TO DO: Transcribe only the lines in the data below falling between the line with "Adult facilitators also" and the line with "独自のスリットインパドルが水", including those two lines, and leave out any picture.

EXTRACTED MATERIAL:
--------------------------------------------------

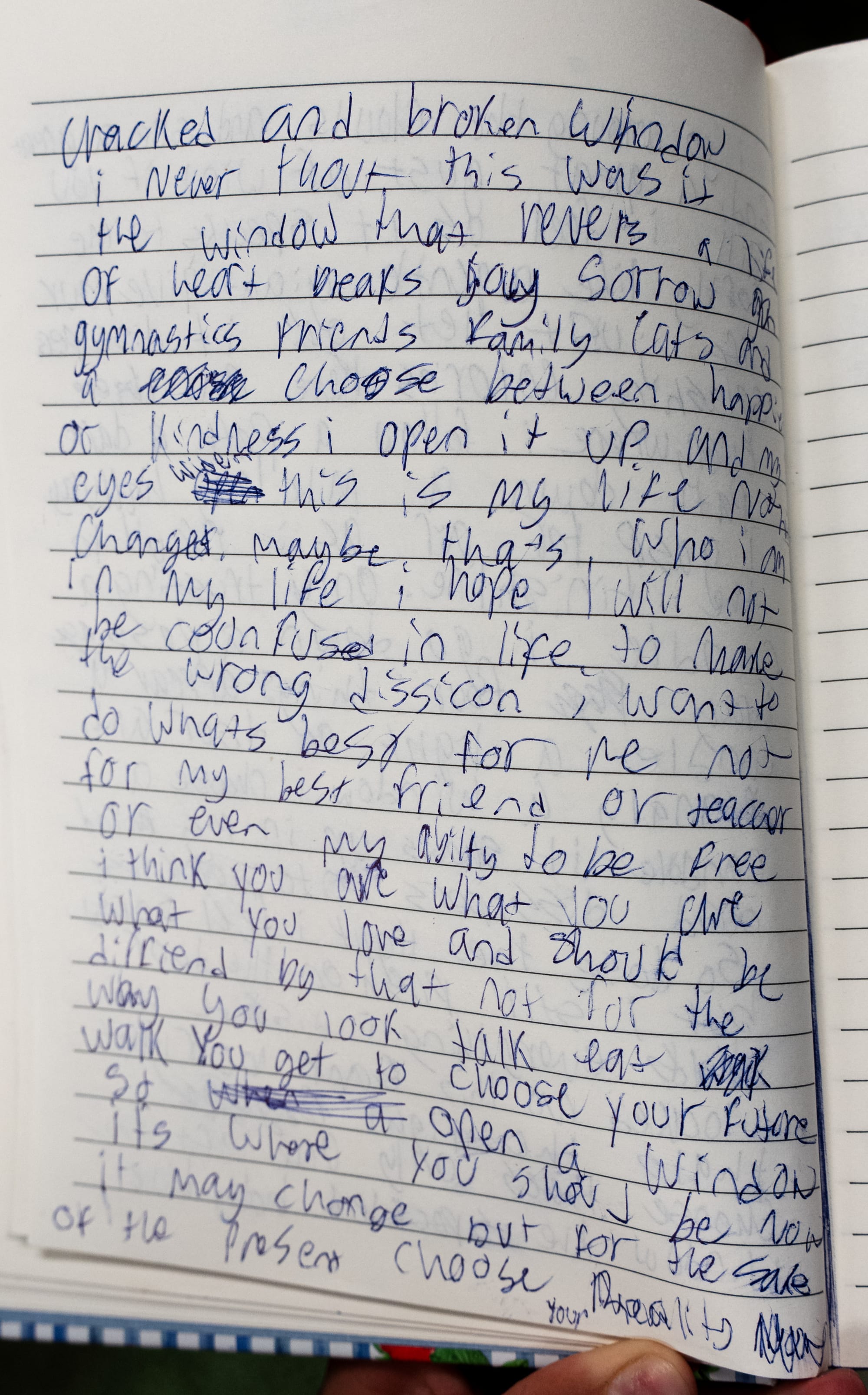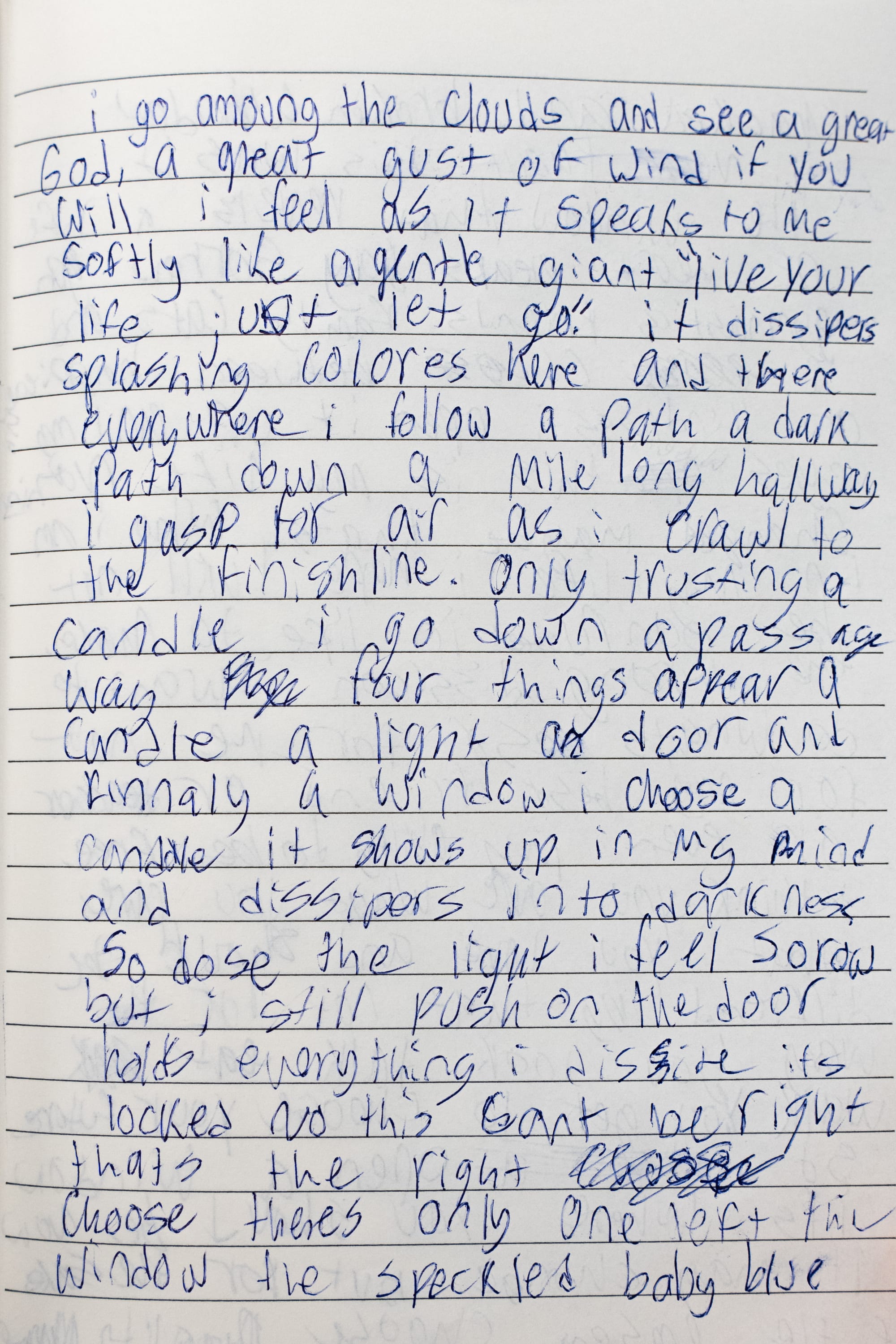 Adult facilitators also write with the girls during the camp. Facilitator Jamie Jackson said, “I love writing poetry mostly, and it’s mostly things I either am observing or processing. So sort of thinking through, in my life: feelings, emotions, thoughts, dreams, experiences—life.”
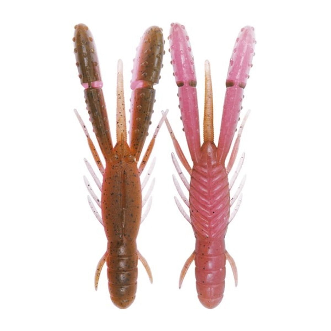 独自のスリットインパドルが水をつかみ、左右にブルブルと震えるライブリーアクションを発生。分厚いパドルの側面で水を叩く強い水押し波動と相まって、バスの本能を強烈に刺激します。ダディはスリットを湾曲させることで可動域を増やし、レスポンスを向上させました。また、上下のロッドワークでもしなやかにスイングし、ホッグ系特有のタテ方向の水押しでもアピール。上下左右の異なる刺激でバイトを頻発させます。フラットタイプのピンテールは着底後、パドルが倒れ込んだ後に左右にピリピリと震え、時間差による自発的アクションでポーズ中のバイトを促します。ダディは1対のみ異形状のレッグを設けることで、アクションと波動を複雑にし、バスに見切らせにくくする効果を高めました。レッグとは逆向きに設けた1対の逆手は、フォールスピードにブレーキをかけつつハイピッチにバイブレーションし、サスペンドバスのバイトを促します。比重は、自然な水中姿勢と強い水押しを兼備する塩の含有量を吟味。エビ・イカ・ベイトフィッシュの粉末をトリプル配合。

--------------------------------------------------

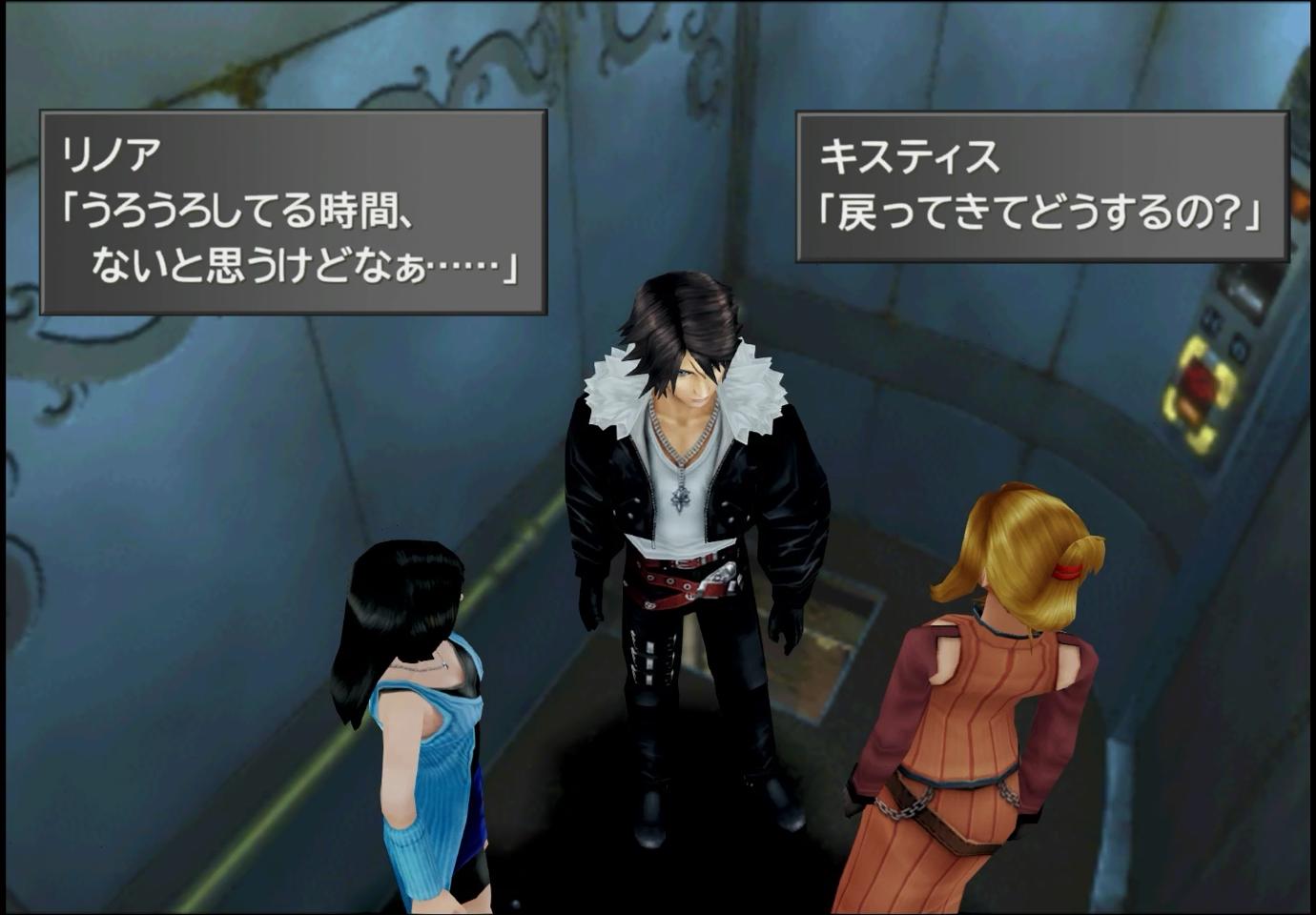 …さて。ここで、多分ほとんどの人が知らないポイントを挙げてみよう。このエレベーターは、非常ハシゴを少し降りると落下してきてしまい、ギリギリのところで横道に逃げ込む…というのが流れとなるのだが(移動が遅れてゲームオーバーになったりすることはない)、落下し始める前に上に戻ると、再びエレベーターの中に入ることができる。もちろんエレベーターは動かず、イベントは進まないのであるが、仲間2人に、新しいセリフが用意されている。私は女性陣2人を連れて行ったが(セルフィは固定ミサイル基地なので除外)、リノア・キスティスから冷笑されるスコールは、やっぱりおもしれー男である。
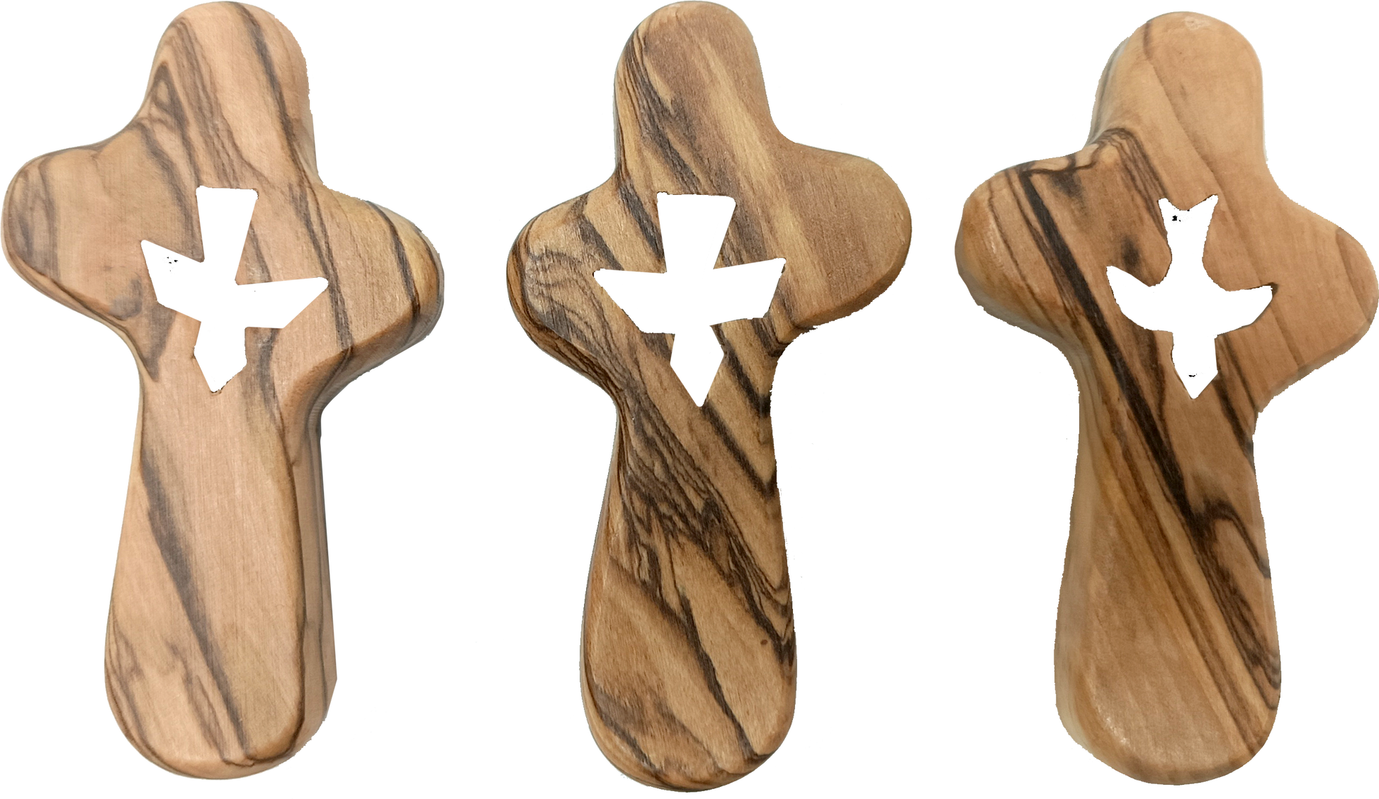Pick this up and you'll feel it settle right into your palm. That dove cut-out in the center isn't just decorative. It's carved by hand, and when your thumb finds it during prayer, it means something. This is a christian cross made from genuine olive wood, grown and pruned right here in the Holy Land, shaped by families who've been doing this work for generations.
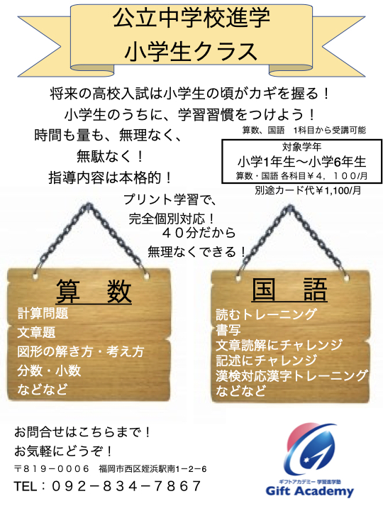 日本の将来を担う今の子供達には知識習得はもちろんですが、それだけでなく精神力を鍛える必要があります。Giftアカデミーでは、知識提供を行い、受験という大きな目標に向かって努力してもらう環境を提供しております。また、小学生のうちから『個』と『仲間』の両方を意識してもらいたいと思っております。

--------------------------------------------------

EXERCISE ANSWER:
 Adult facilitators also write with the girls during the camp. Facilitator Jamie Jackson said, “I love writing poetry mostly, and it’s mostly things I either am observing or processing. So sort of thinking through, in my life: feelings, emotions, thoughts, dreams, experiences—life.”
 独自のスリットインパドルが水をつかみ、左右にブルブルと震えるライブリーアクションを発生。分厚いパドルの側面で水を叩く強い水押し波動と相まって、バスの本能を強烈に刺激します。ダディはスリットを湾曲させることで可動域を増やし、レスポンスを向上させました。また、上下のロッドワークでもしなやかにスイングし、ホッグ系特有のタテ方向の水押しでもアピール。上下左右の異なる刺激でバイトを頻発させます。フラットタイプのピンテールは着底後、パドルが倒れ込んだ後に左右にピリピリと震え、時間差による自発的アクションでポーズ中のバイトを促します。ダディは1対のみ異形状のレッグを設けることで、アクションと波動を複雑にし、バスに見切らせにくくする効果を高めました。レッグとは逆向きに設けた1対の逆手は、フォールスピードにブレーキをかけつつハイピッチにバイブレーションし、サスペンドバスのバイトを促します。比重は、自然な水中姿勢と強い水押しを兼備する塩の含有量を吟味。エビ・イカ・ベイトフィッシュの粉末をトリプル配合。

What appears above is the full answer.